Kami meminta kepada Presiden RI untuk mengevaluasi dan menertibkan aparatur negara (Sipil, Intelijen, TNI dan Polri) yang menggunakan cara-cara mafia dalam merespon persoalan Papua. Cara yang dijalankan dalam mempersiapkan pertemuan 61 orang dengan Presiden RI sangat merugikan kredibitas Presiden RI, kredibitas negara, maupun merugikan uang negara.
Kepada seluruh anak-anak adat Papua dimanapun berada, kami menyerukan untuk tidak mudah menyerahkan diri dalam skenario pihak lain yang bertujuan memecah belah kesatuan masyarakat adat papua, dan membuat konflik diantara kita.
Terkait dengan nasib mahasiswa Papua yang sedang berstudi di luar Papua ataupun yang telah pulang ke Tanah Papua, Dewan Adat Papua menyerukan kepada Presiden Republik Indonesia, Gubernur Provinsi Papua dan Gubernur Papua Barat serta Bupati dan Walikota se-Tanah Papua untuk membangun komunikasi efektif dengan semua mahasiswa dan orang tua/wali serta masyarakat di kota-kota studi, perguruan tinggi negeri dan swasta di seluruh Indonesia untuk memastikan jaminan keamanan dan kelanjutan studi bagi mahasiwa/mahasiswi Papua diluar Tanah Papua.

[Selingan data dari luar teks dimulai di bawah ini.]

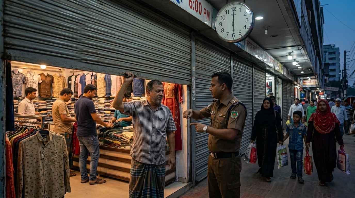 দেশের সব দোকানপাট ও শপিং মল সন্ধ্যা ৬টার মধ্যে বন্ধ হবে, যা আজ শুক্রবার থেকেই কার্যকর হবে।। ছবি: এআই জেনারেটেড প্রতীকী ছবি

Sebagai penutup, DAP perlu menegaskan bahwa rasisme terhadap masyarakat Papua sekarang ini adalah manifestasi dari kebijakan negara yang salah sejak awal. Masyarakat adat Papua tidak pernah dianggap mampu mengurus diri sendiri di atas tanah leluhurnya.

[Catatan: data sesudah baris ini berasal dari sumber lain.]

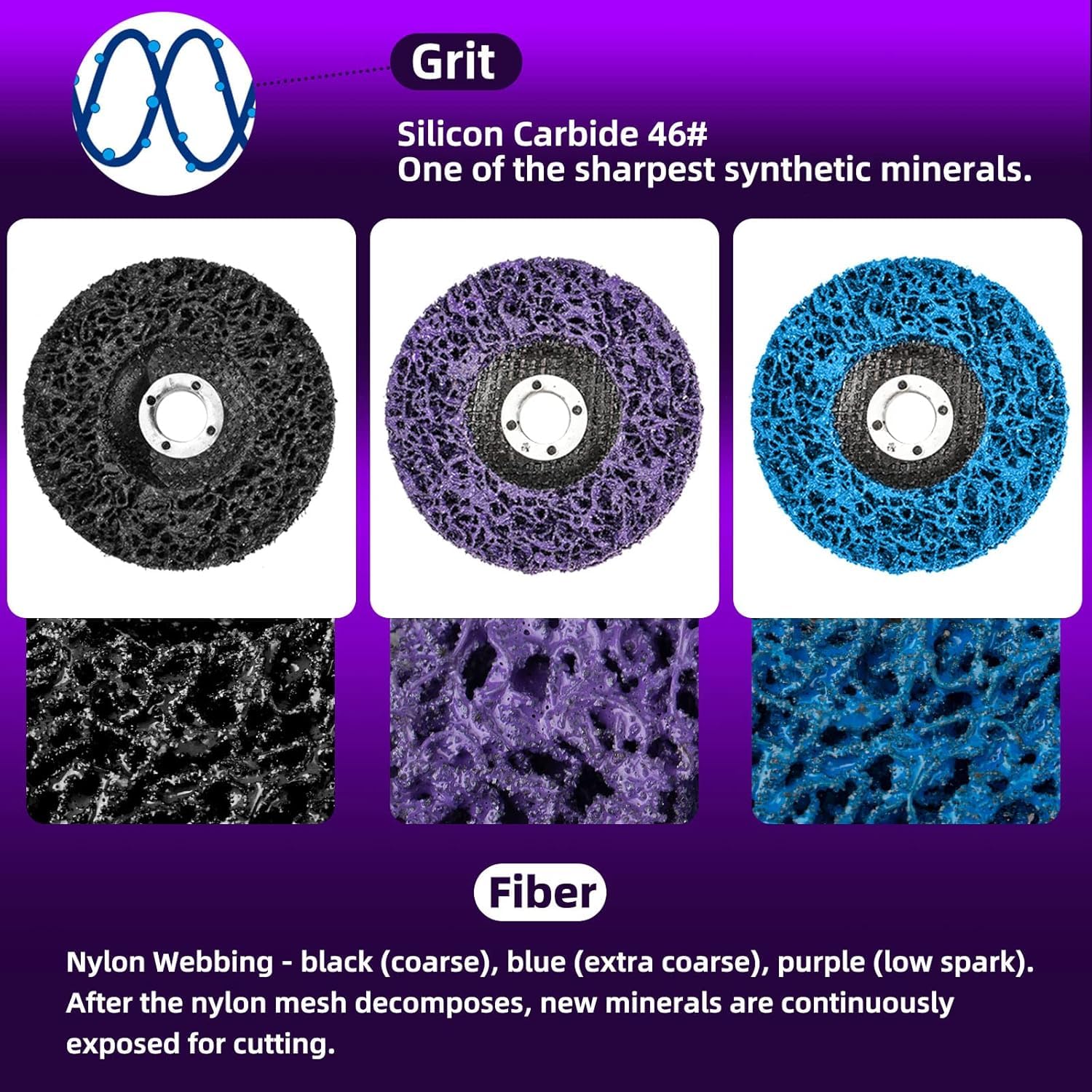 - 【MATERIAL】Nylon fibers on strip discs are interspersed with silicon carbide minerals. We chose it because it cuts more aggressively than minerals in a finer grade. Among synthetic minerals, silicon carbide is one of the sharpest. It breaks down faster than aluminum oxide but leaves a finer finish.

Sebagai akibatnya, sangat mudah orang-orang dari luar diangkat menjadi pejabat di Papua-walaupun mereka sesungguhnya tidak memiliki empati atau kapasitas untuk merancang program-program pembangunan yang benar-benar melindungi, berpihak dan memberdayakan masyarakat adat Papua (Red).